French writer and sister of Arthur Rimbaud

Isabelle Rimbaud (1 June 1860 – 20 June 1917) was the youngest sister of Arthur Rimbaud and the wife of Pierre-Eugène Dufour (1855-1922), better known as Paterne Berrichon. She inherited Arthur Rimbaud's estate after his death in 1891 and became his literary executor.

== Biography ==
Isabelle Rimbaud was the youngest daughter of Marie Catherine Vitalie Cuif and Frédéric Rimbaud, who left the marital home leaving his wife with four small children. These were Frédéric at seven years, Arthur at six, Vitalie at two and Isabelle at eight months.
Isabelle, like her siblings, grew up under the heel of an authoritarian and conservative mother who instilled in her strict principles based on Christian morality.

Among the known letters of Arthur Rimbaud, several were exchanged with his sister Isabelle. When Arthur Rimbaud returned to Marseilles on 23 August 1891, Isabelle went with him. In her letters to her mother, she described the last weeks of Arthur Rimbaud's life. She wrote down her brother's last letter [dictated] on 9 November 1891 and added his last words before the midday sun the following day.

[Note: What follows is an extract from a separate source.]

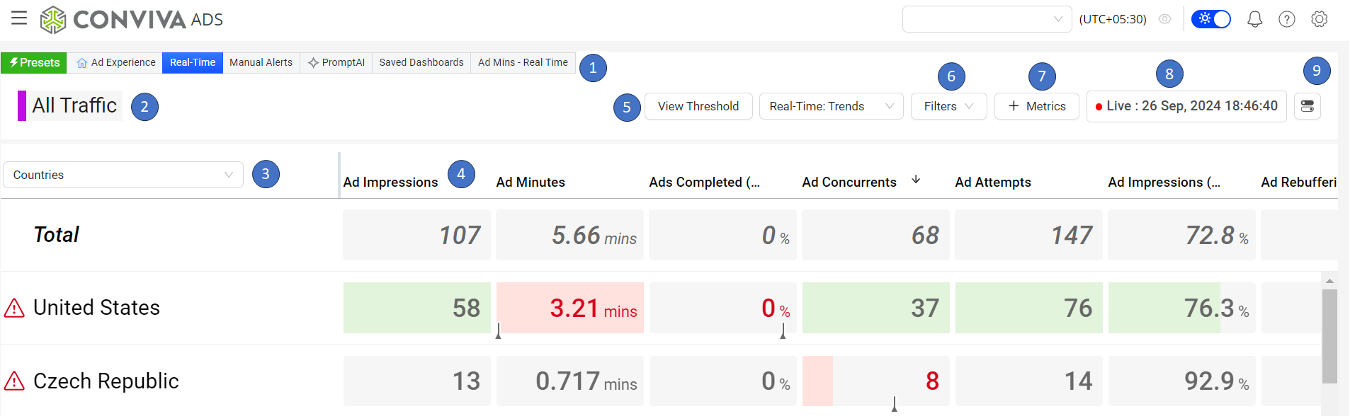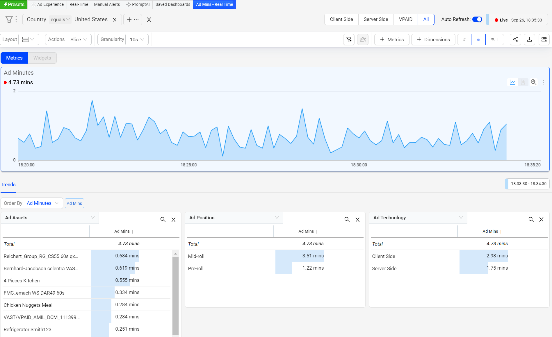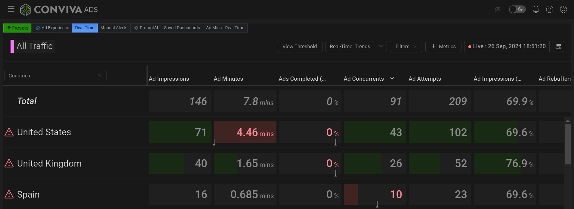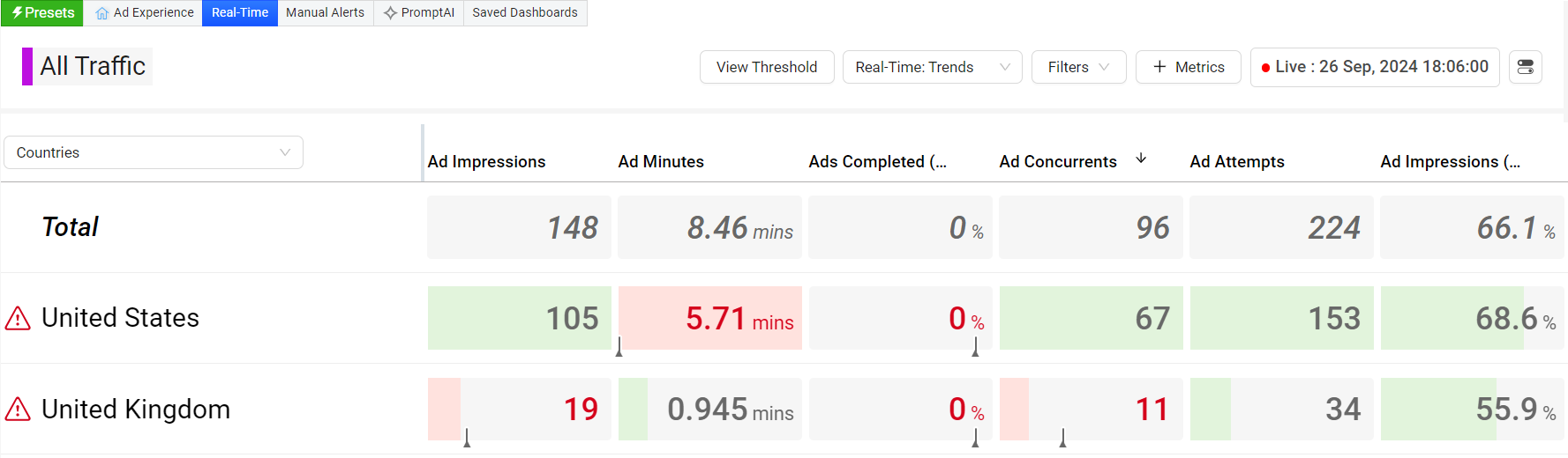 The Real-Time dashboard displays in light and dark modes for enhanced visual monitoring on desktops, tech ops centers and NOCs. By default, data is sorting by Ad Concurrents.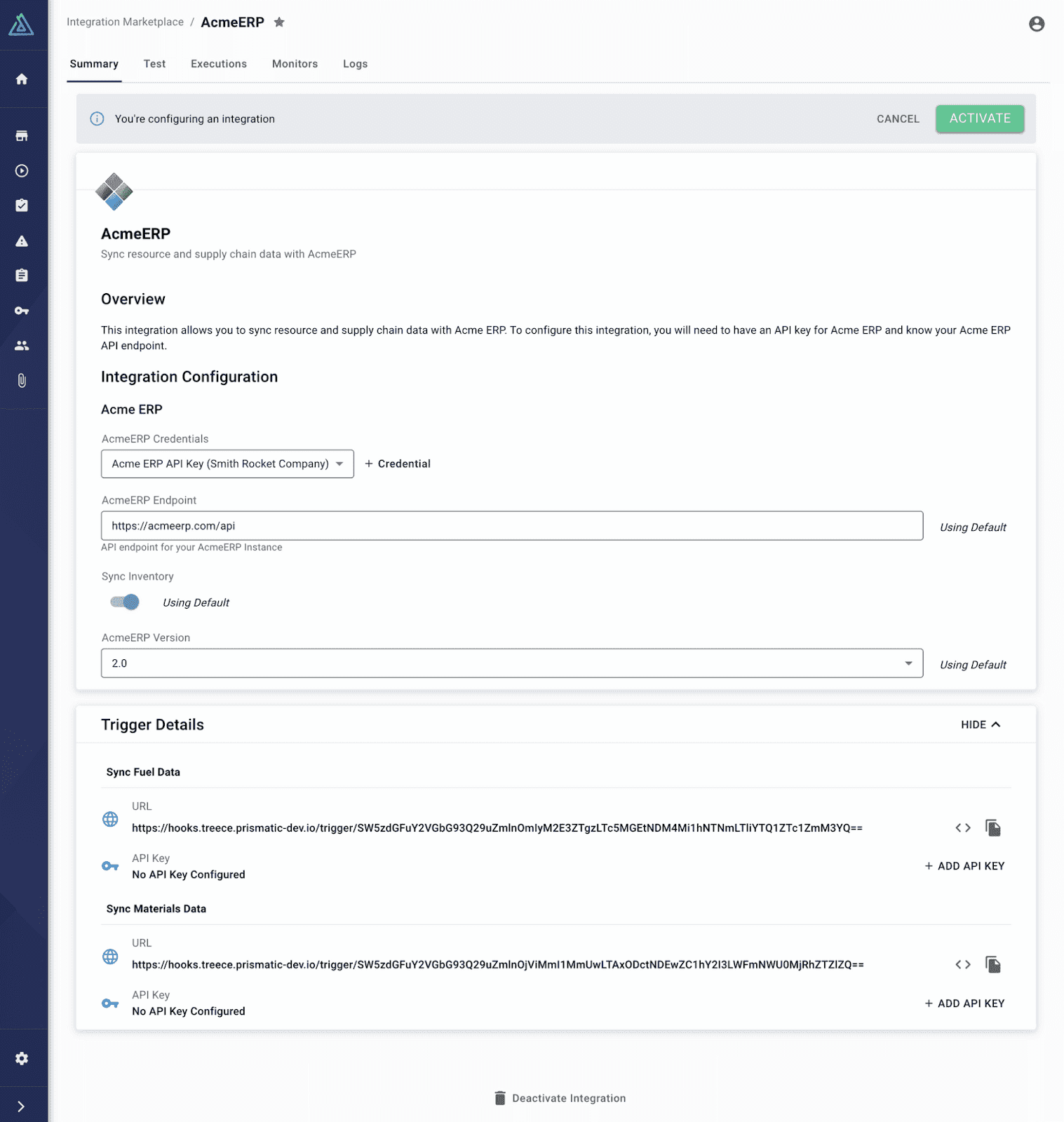 Embedded Integration Marketplace: Users are forced to use Prismatic's embedded integration marketplace, a full page that comes pre-built with their UI. If they already have other integrations, they need to manage them separately.

She witnessed his great sufferings and was present during his death throes on the night of 9/10 November 1891. In a letter to her mother she wrote: "This is no longer a poor outcast who is going to die besides me. He is fair, a saint, a martyr, one of God's elect". She learned only at the death of her brother that he had written poems: "Without ever having read them, I know his works".

Isabelle was the last person to have sketched her dying brother.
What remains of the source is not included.